**Task item**
Only one portion of the data is to be written out: from the line bearing "將右方設定值修改為「Y」(預設值為N),再按下「存起來」「離開」即可。" through the line bearing "İzmit ilçesinde bir". Write it exactly as it appears.

----- Dataset extract -----

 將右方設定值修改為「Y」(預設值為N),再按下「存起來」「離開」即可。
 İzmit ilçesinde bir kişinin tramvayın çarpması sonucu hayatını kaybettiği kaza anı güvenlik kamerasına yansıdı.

-----
----- Dataset extract -----

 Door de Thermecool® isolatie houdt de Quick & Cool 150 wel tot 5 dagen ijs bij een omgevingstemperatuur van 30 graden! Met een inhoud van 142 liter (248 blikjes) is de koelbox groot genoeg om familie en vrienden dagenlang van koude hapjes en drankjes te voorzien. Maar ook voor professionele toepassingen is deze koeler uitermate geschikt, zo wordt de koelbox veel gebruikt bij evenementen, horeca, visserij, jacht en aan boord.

-----

**Answer below**
 將右方設定值修改為「Y」(預設值為N),再按下「存起來」「離開」即可。
 İzmit ilçesinde bir kişinin tramvayın çarpması sonucu hayatını kaybettiği kaza anı güvenlik kamerasına yansıdı.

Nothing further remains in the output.